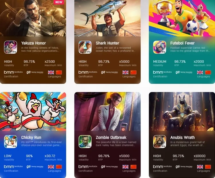 Como é possível inferir na revisão geral de cassino, a PG Soft trata-se de uma empresa responsável, legal e segura, com um amplo catálogo de títulos de slots e jogos modernos que conquistam os jogadores. É possível encontrar opções com temáticas variadas, retornos e volatilidades, além de grades e recursos diferenciados.
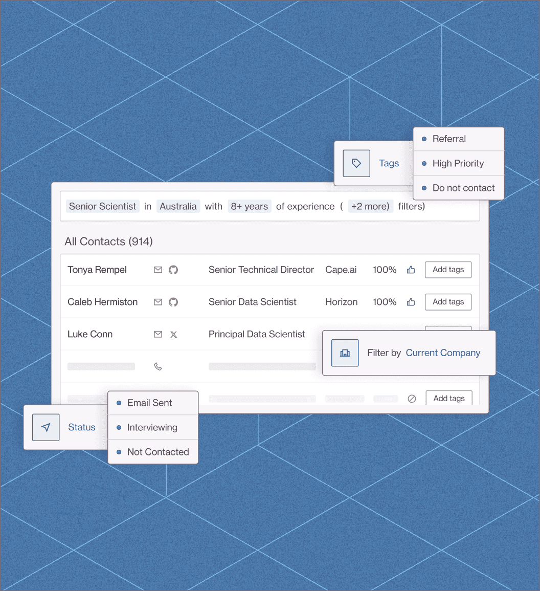 Use filters to surface the most relevant candidates in seconds. Everything stays updated automatically, so rediscovering great talent is effortless.
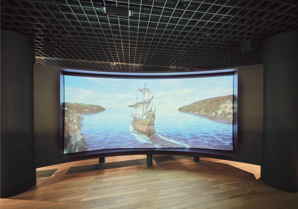 精巧に創られた「凹凸のあるスクリーン」と、大迫力の映像・音が重なり合って再現された出帆シーン。
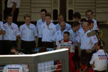 本当なら皆笑顔で最終戦の記念撮影をするはずだが・・・2人が可哀想。 ミカ・サロはデビュー戦も鈴鹿で観たし、最後も鈴鹿になるので、それを見とどける事が出来た・・・。 |
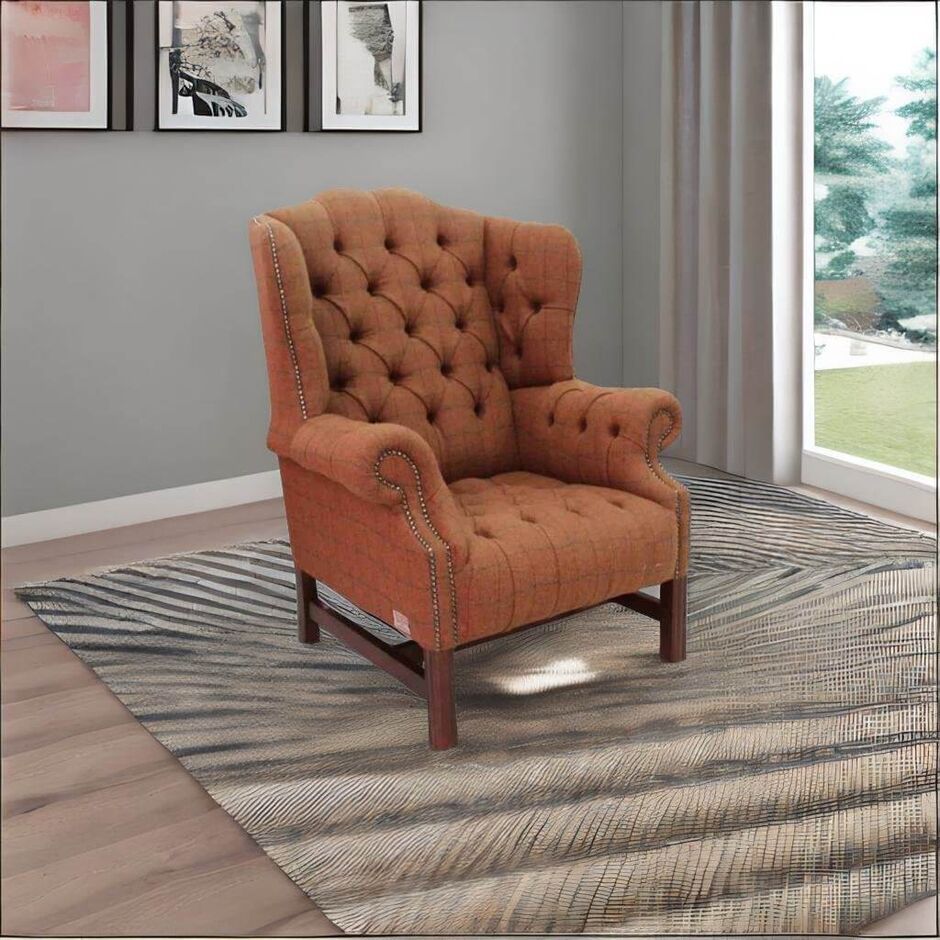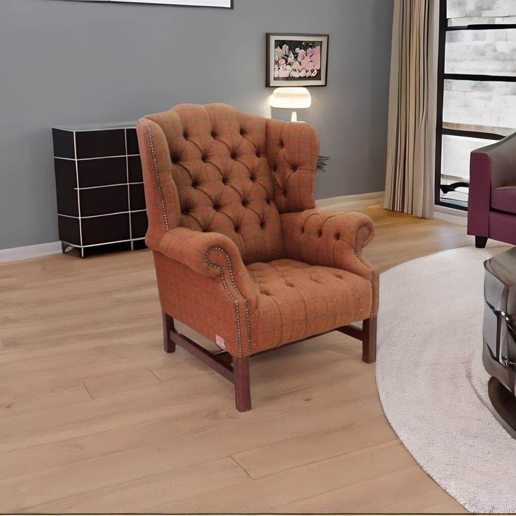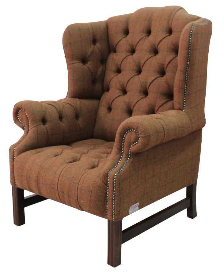 Our Vintage Chesterfield Georgian Classic Wing Chair Upholstered In Superior Harris Tweed. It features a Solid H Frame Leg.
──────────────────────────────
What the task requires:
Your task is to reproduce all of the material exactly. The pictures stay out.

Task response:
 Como é possível inferir na revisão geral de cassino, a PG Soft trata-se de uma empresa responsável, legal e segura, com um amplo catálogo de títulos de slots e jogos modernos que conquistam os jogadores. É possível encontrar opções com temáticas variadas, retornos e volatilidades, além de grades e recursos diferenciados.
 Use filters to surface the most relevant candidates in seconds. Everything stays updated automatically, so rediscovering great talent is effortless.
 精巧に創られた「凹凸のあるスクリーン」と、大迫力の映像・音が重なり合って再現された出帆シーン。
 本当なら皆笑顔で最終戦の記念撮影をするはずだが・・・2人が可哀想。 ミカ・サロはデビュー戦も鈴鹿で観たし、最後も鈴鹿になるので、それを見とどける事が出来た・・・。 |
 Our Vintage Chesterfield Georgian Classic Wing Chair Upholstered In Superior Harris Tweed. It features a Solid H Frame Leg.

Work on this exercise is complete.